Team pivoting to next big release instead.


Bad news for Baldur's Gate fans--It seems that Larion is out of the Baldur's Gate business. CEO Swen Vicke has announced that Baldur's Gate 3 is not getting any expansions, DLC, or a sequel. Patches and fixes will still continue, however, including cross-platform mod support.

"Because of all the success the obvious thing would have been to do a DLC, so we started on one. We started even thinking about BG4. But we hadn’t really had closure on BG3 yet and just to jump forward on something new felt wrong. We had also spent a whole bunch of time converting the system into a video game and we wanted to do new things. There are a lot of constraints on making D&D, and 5th Edition is not an easy system to put into a video game. We had all these ideas of new combat we wanted to try out and they were not compatible."
-Swen Vicke​

Vicke confirmed this at a talk at the Game Developers Conference, and said that Larion Studios wanted to make its own new content rather than license IP from another company.

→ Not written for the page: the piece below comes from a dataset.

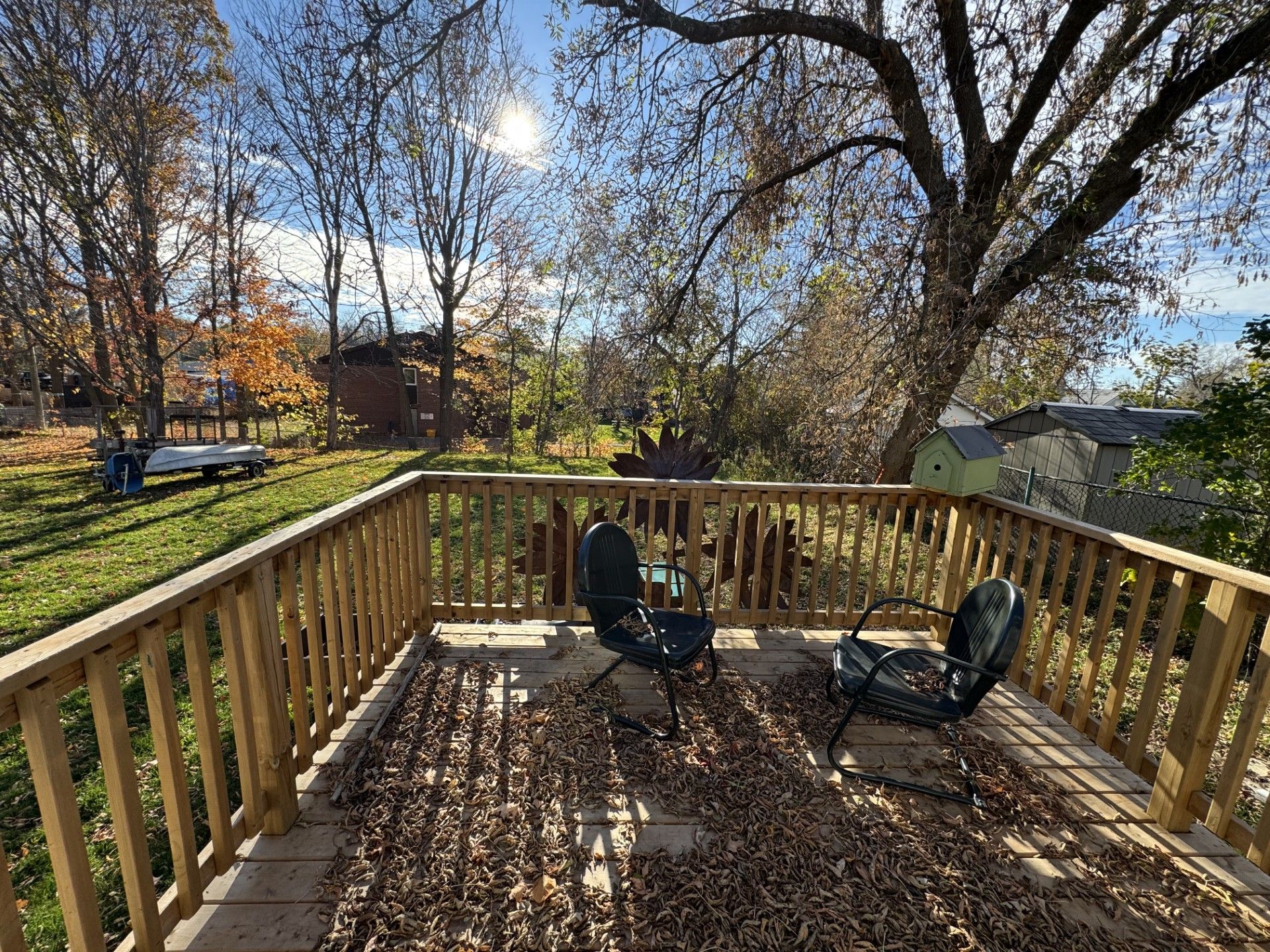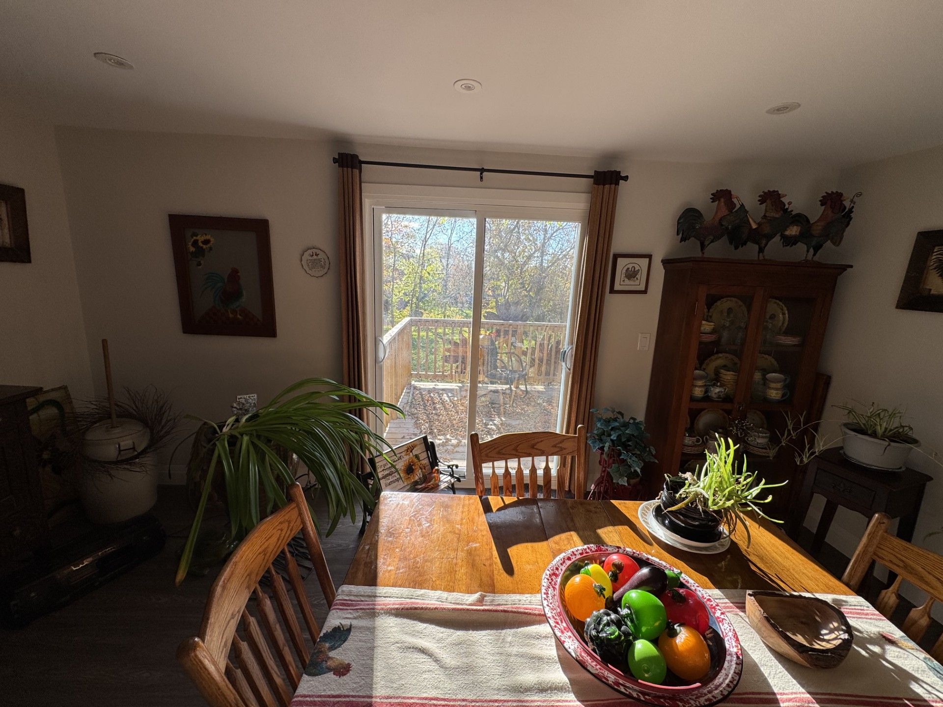 • Bright sunroom opens to a deck overlooking a large backyard.

He also clarified that a Baldur's Gate 4 was still possible, but that if it happened it would not be made by Larion. Larion is already working on its next big release.

According to IGN, Larion has started work on some BG3 DLC, but it was cancelled.

"You could see the team was doing it because everyone felt like we had to do it, but it wasn’t really coming from the heart, and we’re very much a studio from the heart. It’s what gotten us into misery and it’s also been the reasons for our success."
-Swen Vicke​

According to Vicke, when the BG3 team found out that they would not be making more Baldur's Gate content, they were 'elated'.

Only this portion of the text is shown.